– Если управдом придет, закроемся на крючок, – пыхтел рядом Костя. – А после я Полкана привезу. Пусть тогда попробует зайдет!
«Собака здесь не поможет, – думал я, обнимая брата. – Надо ехать к Сорокину, объяснить что к чему».
Чтобы застать командира в аэропорту, приехал с утра пораньше. По деревянной лестнице, пристроенной сбоку к зданию, поднялся на третий этаж.
Из комнаты Сорокина выскочил Лешка Добрецов, пронесся по коридору. На полдороге оглянулся, подошел ко мне:
– Фу, черт, а ты откуда здесь? – удивленно спросил он. – Тысячу лет проживешь! Только что о тебе вспоминали. – Добрецов весело хлопнул меня по плечу.
Я пошел к Сорокину.

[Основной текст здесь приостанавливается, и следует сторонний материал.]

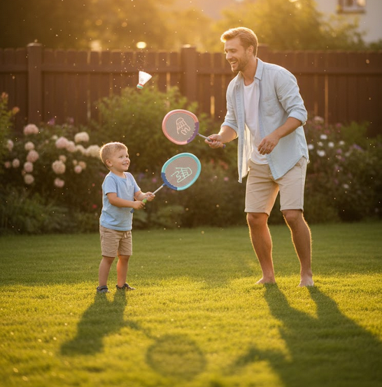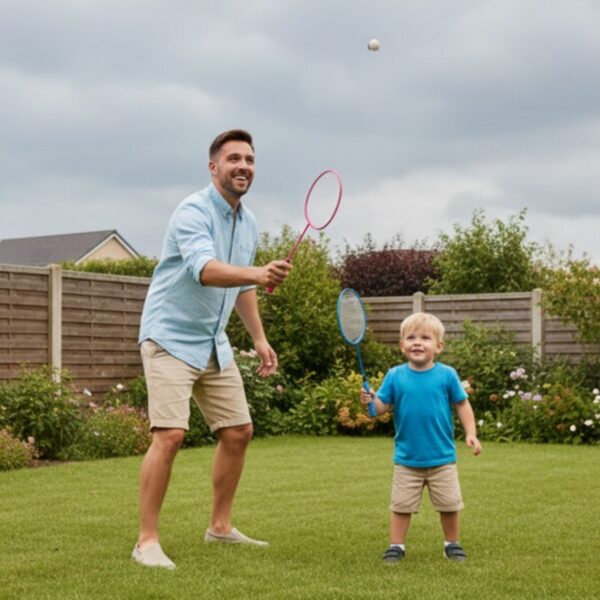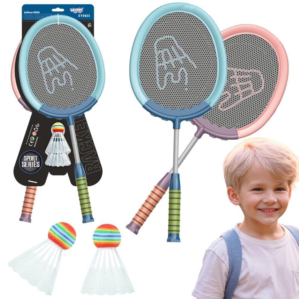 Zestaw Rakietek od marki Woopie z pewnością zachęci dzieci i dorosłych do spędzania czasu aktywnie na świeżym powietrzu. Gra w badmintona rozwija zdolności motoryczne dziecka tzw. „dużą motorykę„. Rakietki posiadają wygodny uchwyt idealny dla rączek dzieci oraz dzięki elastycznej siatce pozwalają na dalsze uderzenia.

Лешка направился было к выходу, но потом передумал, махнул рукой, затопал следом.
Командир разговаривал с кем-то по телефону. Увидев меня, показал глазами на стул. Рядом плюхнулся Лешка. Сорокин покосился на него.
– В понедельник утром полетите с Добрецовым в Холодные Ключи, – сказал он, прикрыв ладонью трубку.
Чего-чего, а вот этого я не ожидал. Только что приехал, еще не устроился как следует, и вот тебе на – опять командировка! Мне не хотелось именно теперь оставлять ребятишек одних. А тут еще с комнатой неясно. Просить я не любил, для меня это было как нож острый.
– Может, пока здесь полетаем?
– Ты в своем уме? – торопливо зашептал Лешка. – И так почти месяц зря пропал. – Он расстроился, губы обидчиво оттопырились.
– Хоть бы ты помолчал, – тихо ответил я.
Сорокин положил трубку, молча посмотрел на меня.
Был он широкий, мощный. Черные густые брови, маленькие медвежьи глазки делали лицо угрюмым и неприветливым.
– Тебе, Степан, сейчас как можно быстрее за штурвал – беда скорее забудется. Как говорится, не ты первый, не ты последний, – неожиданно мягко сказал он.
– Держи нос по горизонту, – поддакнул Добрецов и хлопнул меня по плечу. Почувствовал, стервец, попутный ветер.
– Я-то держу, да ребятишки со мной. Брат и сестра.
– Как с тобой, где они? – быстро спросил Сорокин и даже привстал, заглянул за дверь.
– Они у хозяйки. Я хотел квартиру подыскать, но не могу пока.
Сорокин на некоторое время замолчал, хмурясь, барабанил пальцами по столу.
– А что – хозяйка гонит?
– Нет. Но стесняю я ее. К ней племянница приехала, а тут еще управдом грозится нас выселить.
Командир выдвинул ящик стола, достал синюю папку, развязал тесемки. Молча вынул листок бумаги, пробежал глазами сверху вниз.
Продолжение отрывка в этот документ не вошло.